=== Input data ===

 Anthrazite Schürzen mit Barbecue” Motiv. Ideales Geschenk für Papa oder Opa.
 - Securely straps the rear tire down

===
=== Input data ===

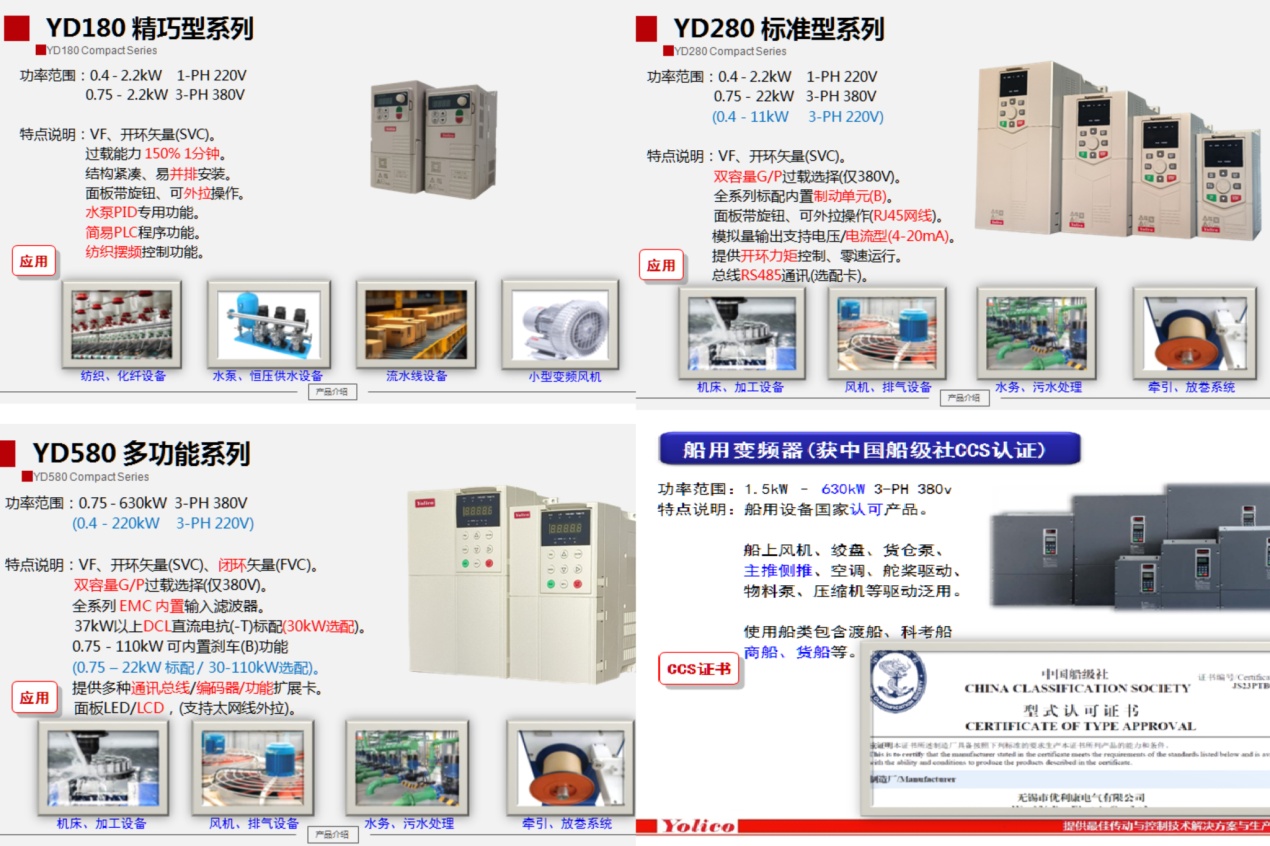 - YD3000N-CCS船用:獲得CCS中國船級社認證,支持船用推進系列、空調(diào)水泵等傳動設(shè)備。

===

Starting at the line above that contains "Anthrazite Schürzen mit", repeat each line exactly up to and including the line that contains "- Securely straps the rear tire down", and stop there.

> [Response area]
 Anthrazite Schürzen mit Barbecue” Motiv. Ideales Geschenk für Papa oder Opa.
 - Securely straps the rear tire down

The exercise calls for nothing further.